Jacob Devlin, Rabih Zbib, Zhongqiang Huang,
Thomas Lamar, Richard Schwartz, and John Makhoul
Raytheon BBN Technologies, 10 Moulton St, Cambridge, MA 02138, USA
{jdevlin,rzbib,zhuang,tlamar,schwartz,makhoul}@bbn.com
This work was supported by DARPA/I2O Contract No. HR0011-12-C-0014 under the BOLT program (Approved for Public Release, Distribution Unlimited). The views, opinions, and/or findings contained in this article are those of the author and should not be interpreted as representing the official views or policies, either expressed or implied, of the Defense Advanced Research Projects Agency or the Department of Defense.

Abstract

Recent work has shown success in using neural network language models (NNLMs) as features in MT systems. Here, we present a novel formulation for a neural network joint model (NNJM), which augments the NNLM with a source context window. Our model is purely lexicalized and can be integrated into any MT decoder. We also present several variations of the NNJM which provide significant additive improvements.

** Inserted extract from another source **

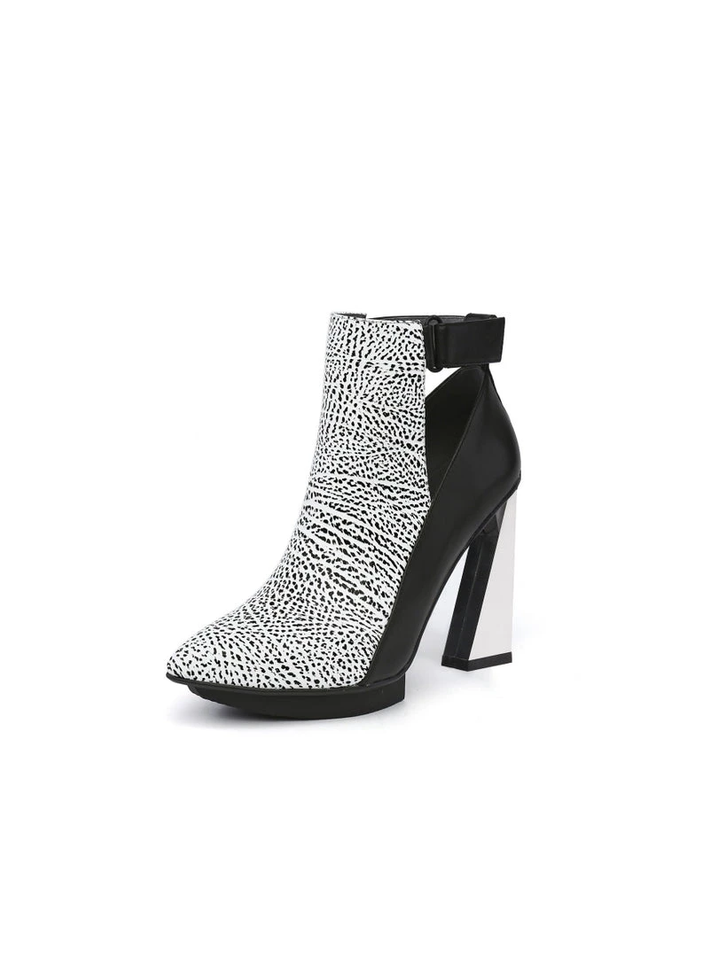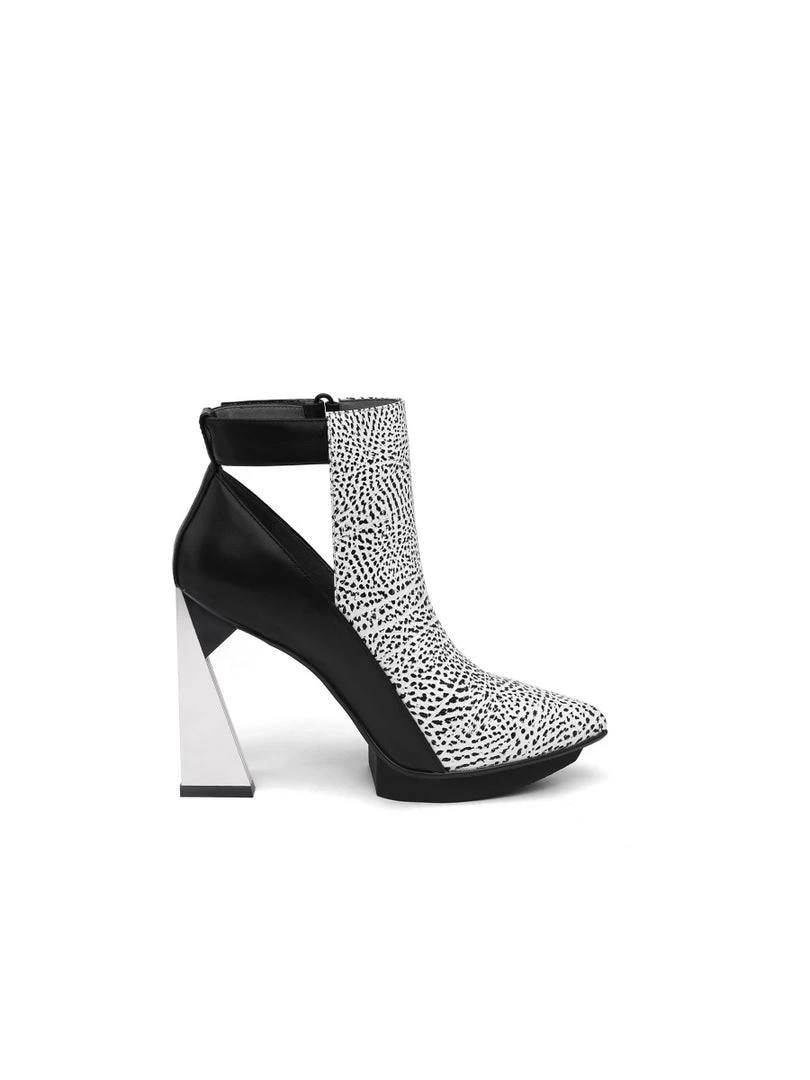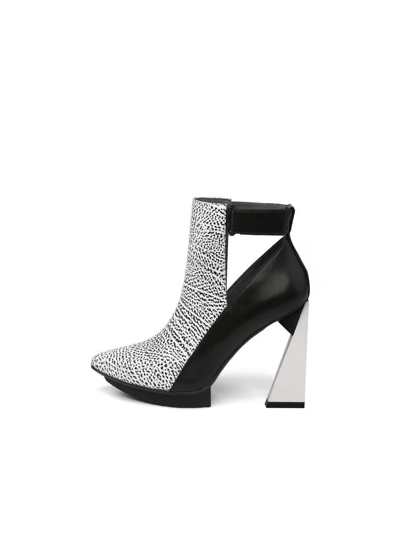It’s all about the lux details for this boot that impresses with a sky-high triangle shaped heel. Its minimalist cut-out design allows it to work well with a range of styles.

Although the model is quite simple, it yields strong empirical results. On the NIST OpenMT12 Arabic-English condition, the NNJM features produce a gain of +3.0 BLEU on top of a powerful, feature-rich baseline which already includes a target-only NNLM. The NNJM features also produce a gain of +6.3 BLEU on top of a simpler baseline equivalent to Chiang’s [5] original Hiero implementation.

Additionally, we describe two novel techniques for overcoming the historically high cost of using NNLM-style models in MT decoding. These techniques speed up NNJM computation by a factor of 10,000x, making the model as fast as a standard back-off LM.

1 Introduction

In recent years, neural network models have become increasingly popular in NLP. Initially, these models were primarily used to create $n$ -gram neural network language models (NNLMs) for speech recognition and machine translation [2, 23]. They have since been extended to translation modeling, parsing, and many other NLP tasks.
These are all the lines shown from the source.